Exercise instructions
Every line below from the one with "If you want" through the one with "طقم نفق وأذن" is to be repeated exactly, with no picture among them.

Excerpted data

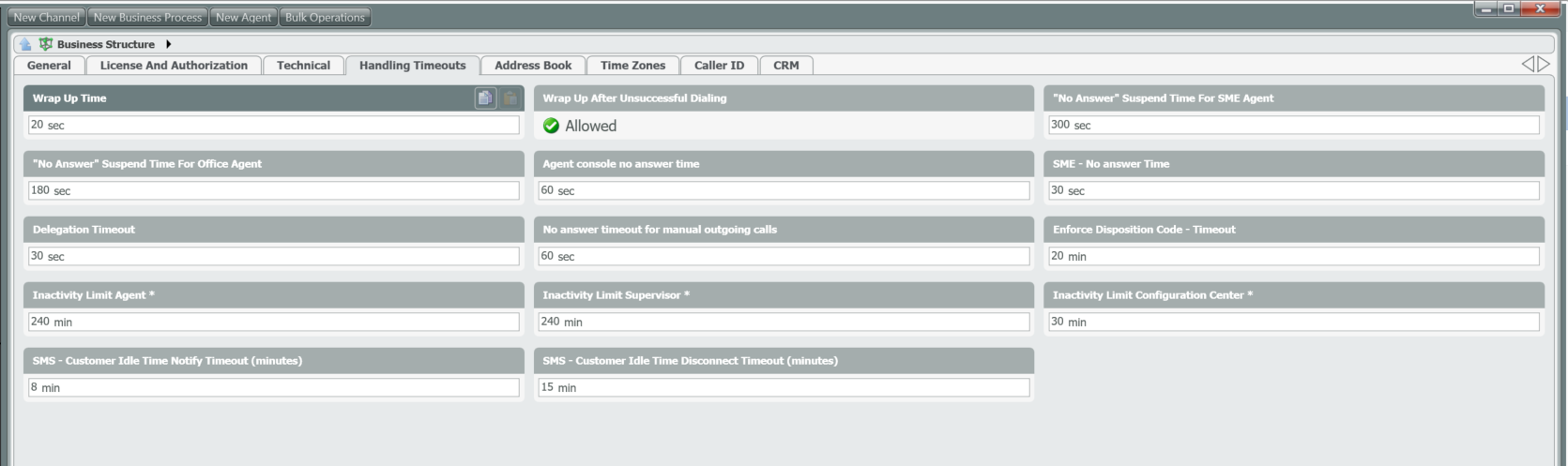 The Handling Timeouts Tab under the Business Structure provides Agent Handling Timeout Settings at the Enterprise level. Any setting that is editable in this tab will be applied to all Business Processes and Agents across the enterprise. Many of these settings will be discussed and set up by your Project Manager during implementation.
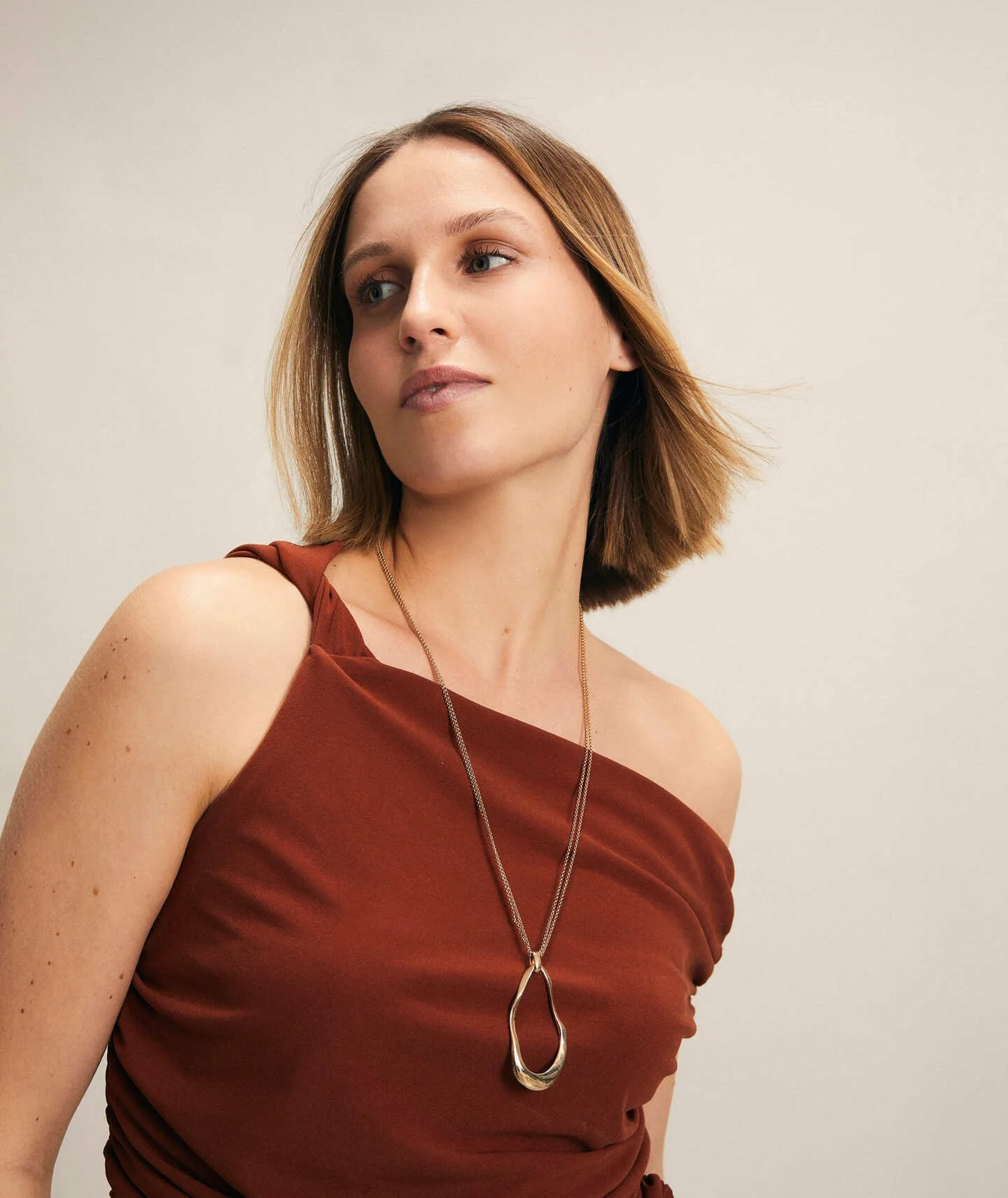 Colgante Darya colección Esenciales Chapado Oro 18 Kt con aro irregular. Medida de la cadena 60cm + 6cm ajustable.
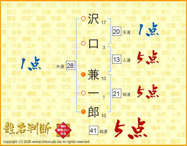 沢口兼一郎さんの総運は41画の5点!
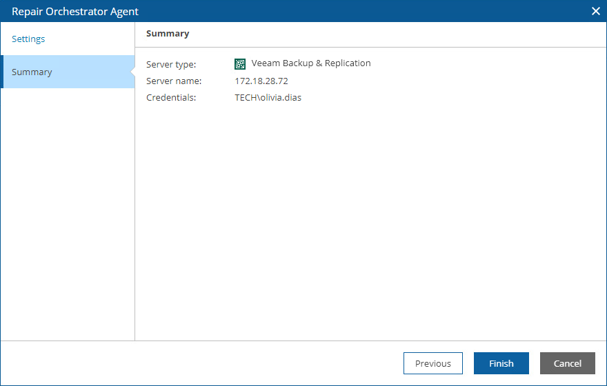 If you want to change credentials of a user account that you specified when connecting a Veeam Backup & Replication server to Orchestrator, or if you encounter a connection issue and a Veeam Backup & Replication server acquires the Disconnected state, you can repair the Orchestrator agent running on the server.
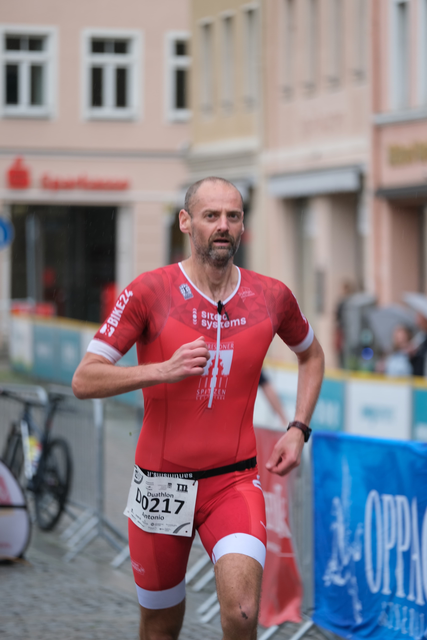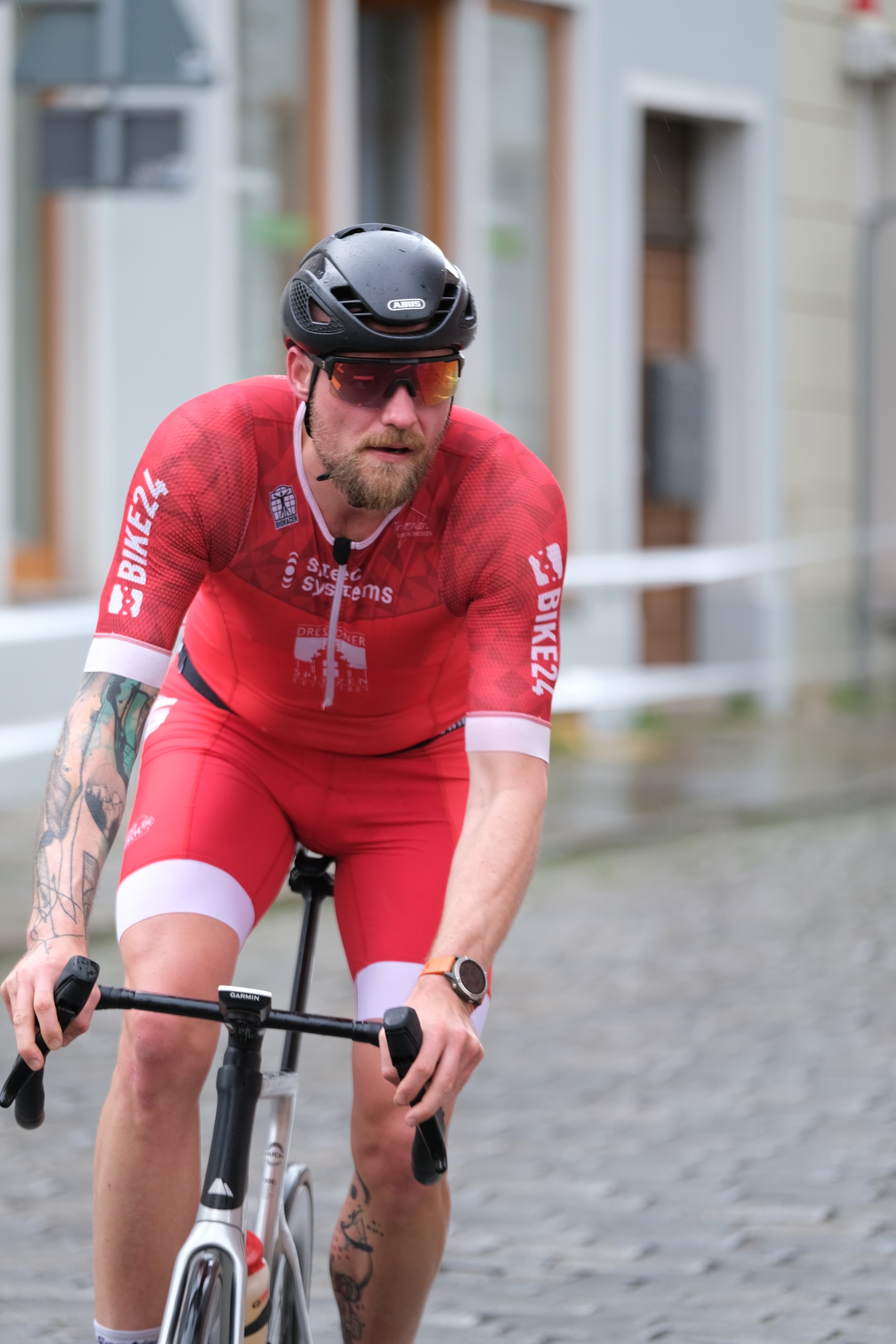 Wieder in der Wechselzone eingetroffen, zügig die Schuhe gewechselt und aufs Rad geschwungen. Der Rad Part über 27km über nassen Pflastersteinen verlief für alle reibungslos. Das Gelände war sehr anspruchsvoll und was für unsere Bergfahrer.
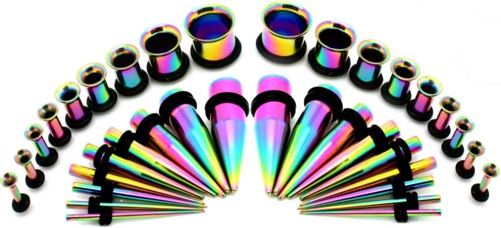 طقم نفق وأذن من الفولاذ المؤكسد من التيتانيوم - مجموعة مكونة من 36 قطعة من 14 جم إلى 00 جم
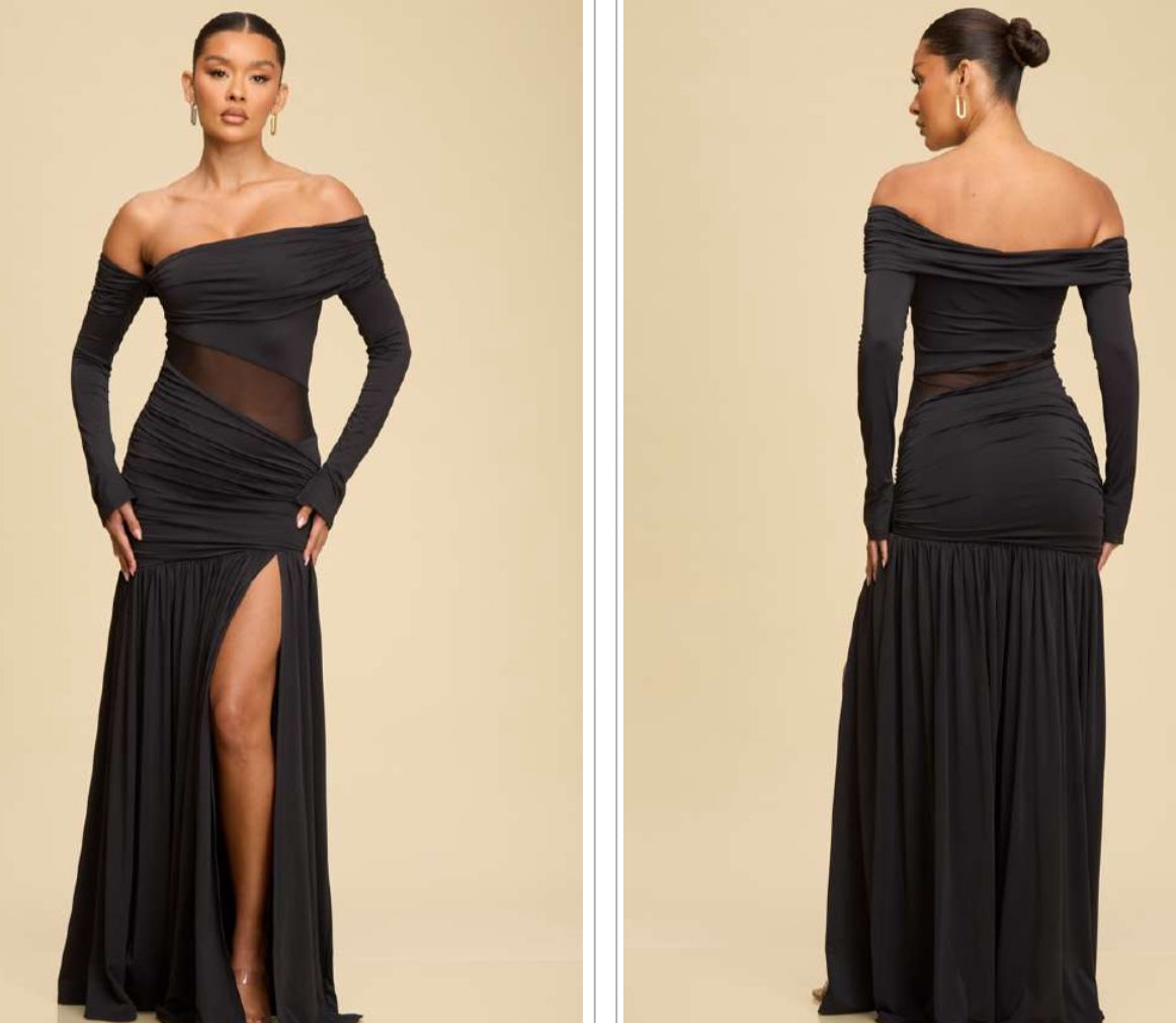 Black off-the-shoulder gown with long sleeves, mesh waist cutout, ruched design, and a high side slit for a sleek, sexy finish.

Answer section
 If you want to change credentials of a user account that you specified when connecting a Veeam Backup & Replication server to Orchestrator, or if you encounter a connection issue and a Veeam Backup & Replication server acquires the Disconnected state, you can repair the Orchestrator agent running on the server.
 Wieder in der Wechselzone eingetroffen, zügig die Schuhe gewechselt und aufs Rad geschwungen. Der Rad Part über 27km über nassen Pflastersteinen verlief für alle reibungslos. Das Gelände war sehr anspruchsvoll und was für unsere Bergfahrer.
 طقم نفق وأذن من الفولاذ المؤكسد من التيتانيوم - مجموعة مكونة من 36 قطعة من 14 جم إلى 00 جم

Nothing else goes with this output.